石橋を叩いて渡った結果がこれなのだから。これが本当に慎重な立ち回りと葛城に言ってやりたい。
「わかってはいたことだけど、嬉しいものだね」
俺は平田と拳を重ね合わせる。
「やったな……ほら清隆も」
「あぁ」
コツン、と拳を軽くぶつけ合う。さすがに彼もいつもの無表情ではなく安堵と嬉しさが読み取れる顔をしていた。
「まずは勝利だ……茶柱先生も文句はないだろうさ」
「だと良いんだがな」
これで結果が振るわなかったから清隆を退学させるだなんて言い出そうものならば、いよいよこちらも手段を選ばず行動するしかなかった。
歓喜と興奮に満ちるクラスメイトたち。それぞれ不自由な無人島生活を乗り越えて、こうして結果が伴ったのだから、嬉しさも留まる所を知らないだろう。

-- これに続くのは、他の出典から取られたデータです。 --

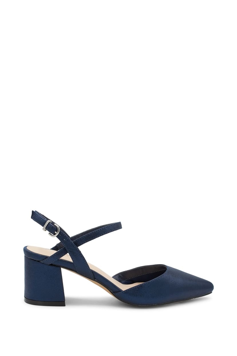 Stylish Navy leather court shoe with a pointed toe and block heel. Features a chic cross-strap design and triple-layer cushioning for all-day comfort. Ideal for both casual and formal occasions.

四月頃に比べると、随分と団結感が出て来たと思う。この特別試験でそれはより深まったのは間違いない。
「よぉ」
だがそんな歓喜に水を差す男が一人、龍園である。
「ククク、ゴリラ野郎が……随分とまぁやりたい放題してくれたもんだな」
「おや、この結果もありえるかもしれないと君は思っていたんじゃないかい?」
「まぁな、伊吹がここまで使えないとは思ってなかったぜ」
「彼女はよくやっていたよ。ただ俺たちが一枚上手だっただけさ」
「ゴリラが何を偉そうに……なぁ一つ聞かせろ」
「何かな?」
「Dクラスのリーダーは鈴音か?」
「そうだよ」
「だとしたらお前は伊吹に本当にリーダーを教えていた訳だ、間抜けにもな」
「教えても何も問題はなかったからね。堀北さんがこの場にいないのがその答えさ。君がもしかしたら博打で指名してくるかもしれないんだ。そう考えたら30ポイントのマイナスなんて大した数字じゃない」
「……なるほどなぁ、正当な理由なくリーダーの変更はできない、だったか。知恵の回るお利口なゴリラじゃねえか」
「堀北さんは体調を崩していてね、それは正当な理由になりえるだろう?」
龍園の笑みがますます深まる。どこか蛇を思わせた。
「俺たちはもう二日目の段階で、どう勝つかじゃなくどう終わらせるかを考えていた……君が何をどうしようが結果は変わらなかったよ」
俺は船に戻る為に歩き出し、すれ違いざまに龍園の肩を軽く叩く。
「お疲れさま。一人で無人島生活は大変だっただろう? 船に戻ってゆっくり休むといい」
「良く聞けお利口ゴリラ……お前は俺が潰す。必ずだ。その時が来るまでせいぜい震えていろ」
「楽しみにしている」
そこで龍園を置いて船に戻っていく。もうこの場で彼と話すことは何もない。
「面倒な奴に目を付けられたみたいだな」
清隆は隣を歩きながらも、振り返って龍園を眺めていた。
「いいさ、ライバルと切磋琢磨するのも、高校生あるあるだって師匠が言ってたしね……彼に敵意を向けられるのは不思議と嫌な気分にならないんだ。きっとこれが青春って奴なんだろう。人生に必要な物なんだ」
また一つ、俺は高校生あるあるを経験したということだ。一つ成長したということであった。
「いや、それは違うと思うぞ……」
やっぱり師匠は凄い、人生に大切な全てを教えてくれる。俺をジャングルに放り込んで一カ月放置したのも、きっとこういった試験が行われると予期していたからに違いない。師匠は未来を予知していたのだ。
これはもう、全ての道はローマではなく師匠に通じていると言っても過言ではないだろう。
改めて師匠の偉大さを感じ取れる、そんな一週間だった。